Computer security experts from five countries, more than 40 private sector companies, and numerous government and state agencies are spending a week fielding simulated "real-world," on-line attacks on the computer systems of government bodies, corporations, transportation and other key industries.

Robert Jamison, the Department of Homeland Security (DHS) Under Secretary for the National Protection and Programs Directorate, said the Cyber Storm II exercise sought to foster personal links between key officials in business and government.

Those people, he said, are not always willing to share information about security issues involving the networks they run.

"We're concerned that the threats are real and growing" as the Internet expands, Jamison said.

Cyber Storm II tested the warning systems in place for attacks and sought to identify gaps in the way information was shared and reactions coordinated across various sectors.

Several dozen experts crowded into a computer-filled room inside the US Secret Service Headquarters in Washington in sections marked off as chemicals, transportation, telecommunications, state and local governments, and other sectors, for the five-day exercise.

Thousands more were tied into the exercise elsewhere in the US, in Britain, Australia, Canada and New Zealand, and in major companies like Dow Chemical, Wachovia bank, ABB and Cisco.

They fielded some 1,800 "injects," various types of challenges, from hacker break-ins and extortion demands to DNS amplification attacks -- dangerous intensified versions of denial of service attacks that seek to overwhelm and shut down networks.

The exercise involved at least one massive, politically-motivated, coordinated cyber-attack knocking out enough computer and telecommunications networks to require an internationally coordinated response.

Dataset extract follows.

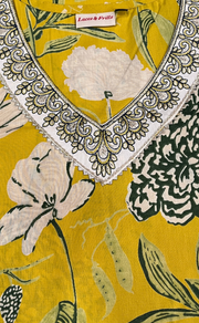 Yellow Floral Jaipuri Cotton Kurti. Pure Versatile Cotton. | Laces and Frills

"We're trying to simulate sophisticated adversaries," Jamison said.

Some of the exercise involved testing the "Einstein program" -- the US government's top-secret automated process for monitoring security and detecting intrusions on all the government's network gateways.

Greg Garcia, DHS Assistant Secretary for Cyber Security and Communications, said Cyber Storm II aimed at overcoming complacency and piecing together a "digital jigsaw puzzle" of linkages in critical public and private sector systems and networks.

"People are starting to get it," he said about cooperating on security threats.

DHS officials declined to say what kinds of threats they found were most dangerous or what specific weaknesses were identified, citing security needs, but said a report on the exercise would be released later this year.